**Aim of the task**. A verbatim copy is needed of the lines below from the one containing "여성 신고자로부터 불상의" up to and including the one containing "Svarta mjukisbyxor från", excluding pictures.

**Supplied data**.

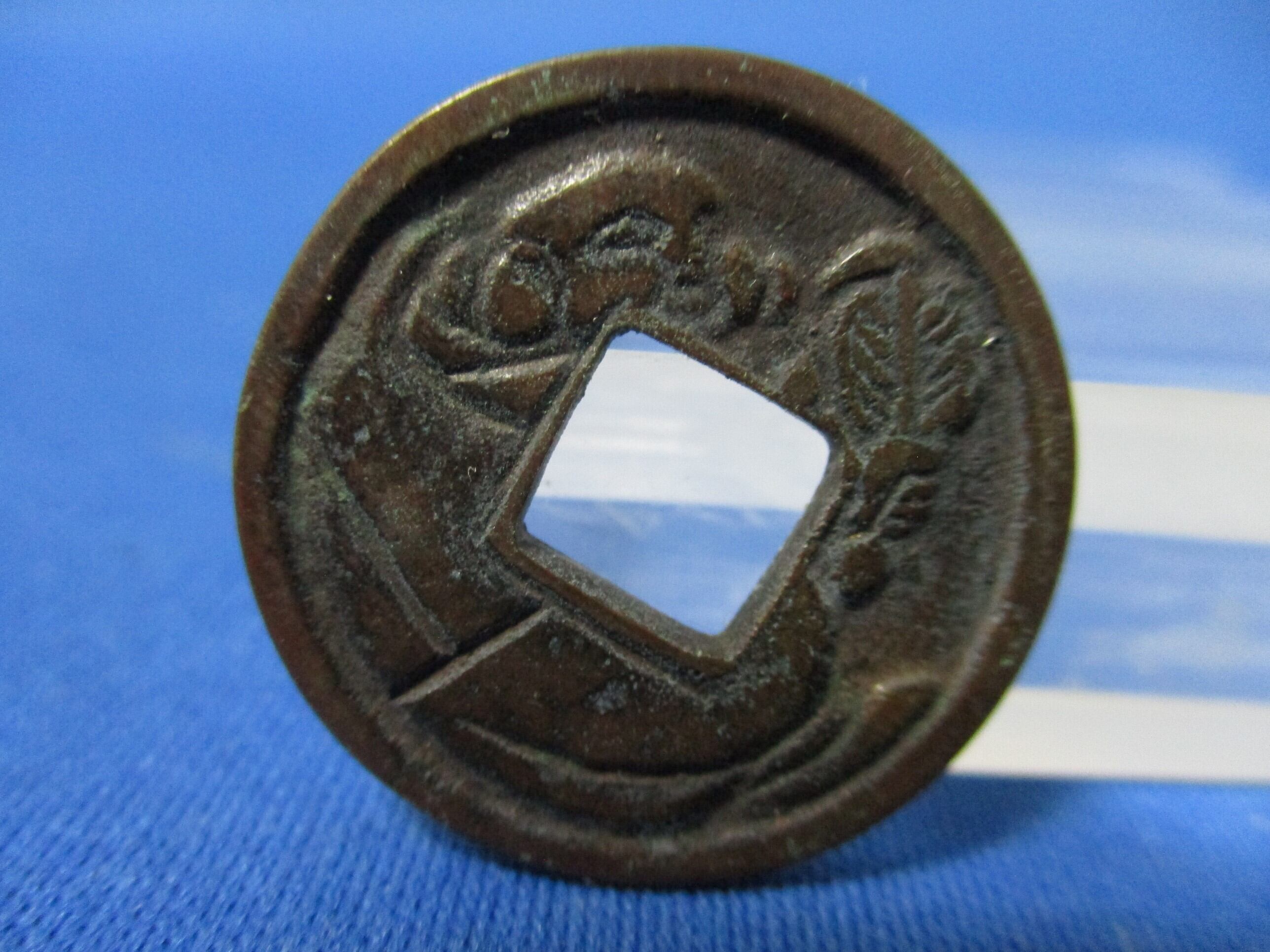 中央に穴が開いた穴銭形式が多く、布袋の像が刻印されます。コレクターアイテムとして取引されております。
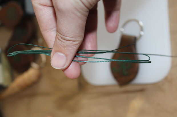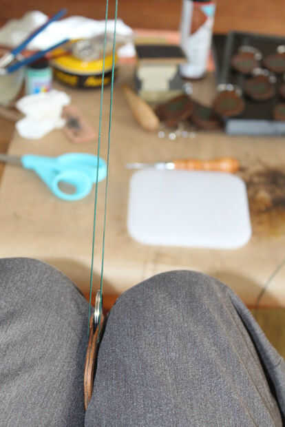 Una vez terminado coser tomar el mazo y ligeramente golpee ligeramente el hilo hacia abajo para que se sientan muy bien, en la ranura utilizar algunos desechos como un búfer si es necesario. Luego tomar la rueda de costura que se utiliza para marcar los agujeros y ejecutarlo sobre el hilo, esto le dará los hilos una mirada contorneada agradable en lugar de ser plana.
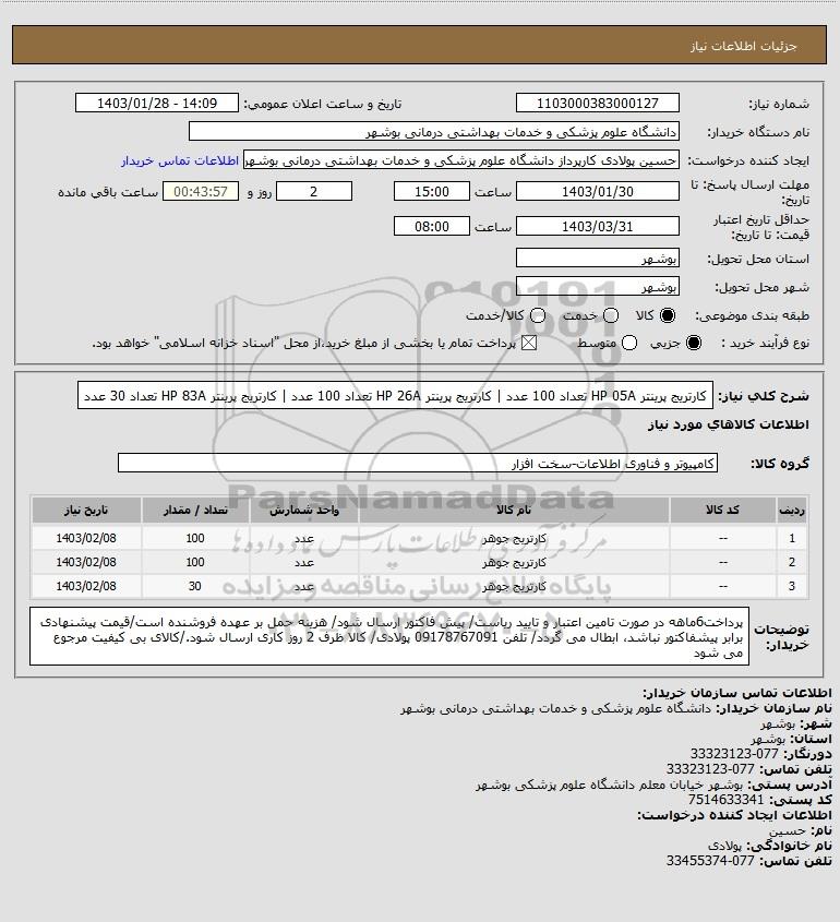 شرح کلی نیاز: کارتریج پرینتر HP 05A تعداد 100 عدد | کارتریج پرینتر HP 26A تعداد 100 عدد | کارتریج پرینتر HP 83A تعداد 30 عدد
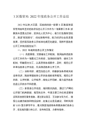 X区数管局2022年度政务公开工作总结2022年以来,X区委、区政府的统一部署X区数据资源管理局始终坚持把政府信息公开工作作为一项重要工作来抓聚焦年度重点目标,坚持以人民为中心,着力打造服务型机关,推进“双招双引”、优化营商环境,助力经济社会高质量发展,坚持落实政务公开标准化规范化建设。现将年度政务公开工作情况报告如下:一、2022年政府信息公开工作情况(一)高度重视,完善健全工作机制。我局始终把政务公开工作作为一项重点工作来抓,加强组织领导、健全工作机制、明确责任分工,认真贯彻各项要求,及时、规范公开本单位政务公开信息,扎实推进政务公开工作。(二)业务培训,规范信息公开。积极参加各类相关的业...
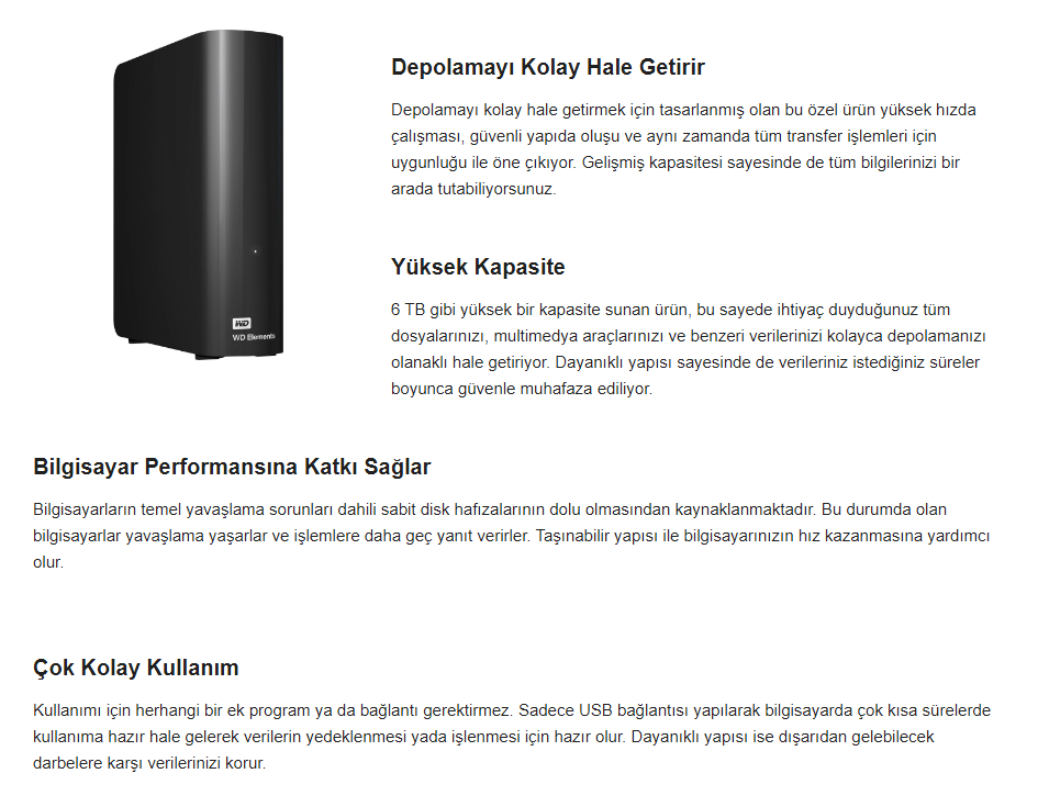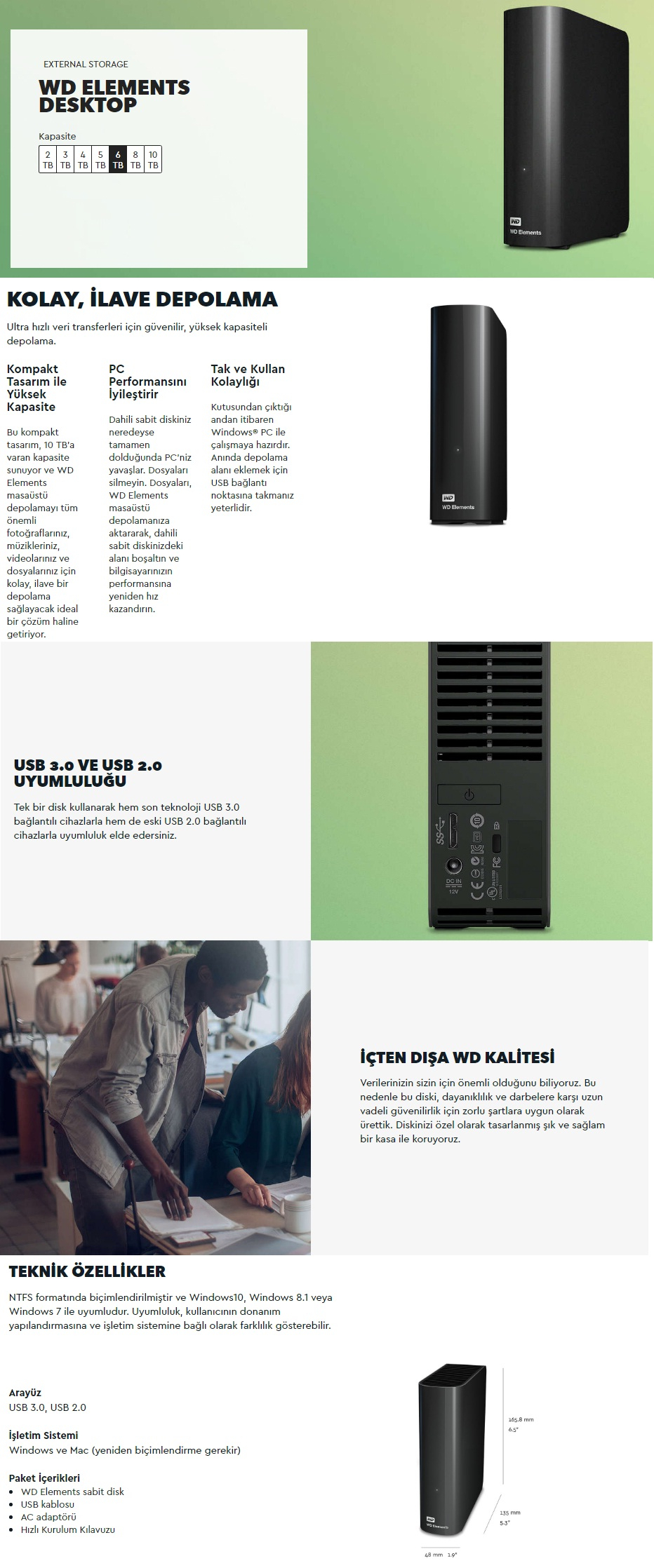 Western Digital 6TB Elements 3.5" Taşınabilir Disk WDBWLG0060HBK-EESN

...

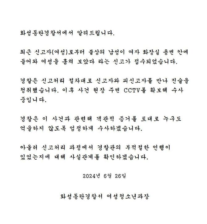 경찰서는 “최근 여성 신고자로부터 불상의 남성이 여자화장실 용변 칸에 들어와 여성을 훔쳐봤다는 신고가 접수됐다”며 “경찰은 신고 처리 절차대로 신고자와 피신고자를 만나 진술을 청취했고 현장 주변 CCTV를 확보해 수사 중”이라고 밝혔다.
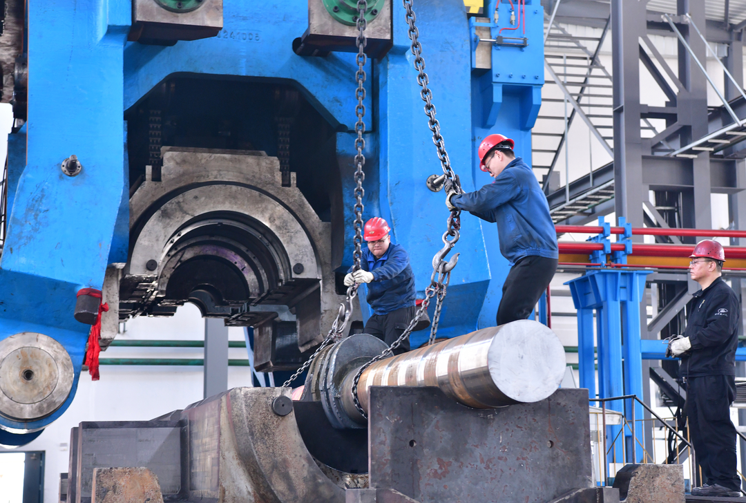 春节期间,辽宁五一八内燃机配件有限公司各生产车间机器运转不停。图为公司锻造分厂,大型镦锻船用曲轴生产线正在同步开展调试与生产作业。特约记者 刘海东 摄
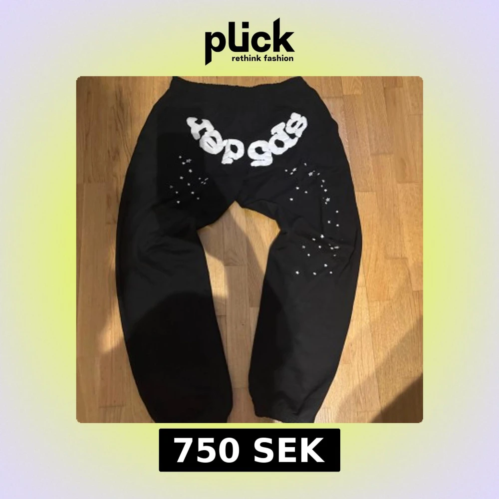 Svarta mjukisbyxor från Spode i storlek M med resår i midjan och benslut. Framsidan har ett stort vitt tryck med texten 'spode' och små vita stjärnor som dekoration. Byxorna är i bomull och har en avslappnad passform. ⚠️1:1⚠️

--

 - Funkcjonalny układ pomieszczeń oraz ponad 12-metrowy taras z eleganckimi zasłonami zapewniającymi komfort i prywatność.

**Output of the task**.
 경찰서는 “최근 여성 신고자로부터 불상의 남성이 여자화장실 용변 칸에 들어와 여성을 훔쳐봤다는 신고가 접수됐다”며 “경찰은 신고 처리 절차대로 신고자와 피신고자를 만나 진술을 청취했고 현장 주변 CCTV를 확보해 수사 중”이라고 밝혔다.
 春节期间,辽宁五一八内燃机配件有限公司各生产车间机器运转不停。图为公司锻造分厂,大型镦锻船用曲轴生产线正在同步开展调试与生产作业。特约记者 刘海东 摄
 Svarta mjukisbyxor från Spode i storlek M med resår i midjan och benslut. Framsidan har ett stort vitt tryck med texten 'spode' och små vita stjärnor som dekoration. Byxorna är i bomull och har en avslappnad passform. ⚠️1:1⚠️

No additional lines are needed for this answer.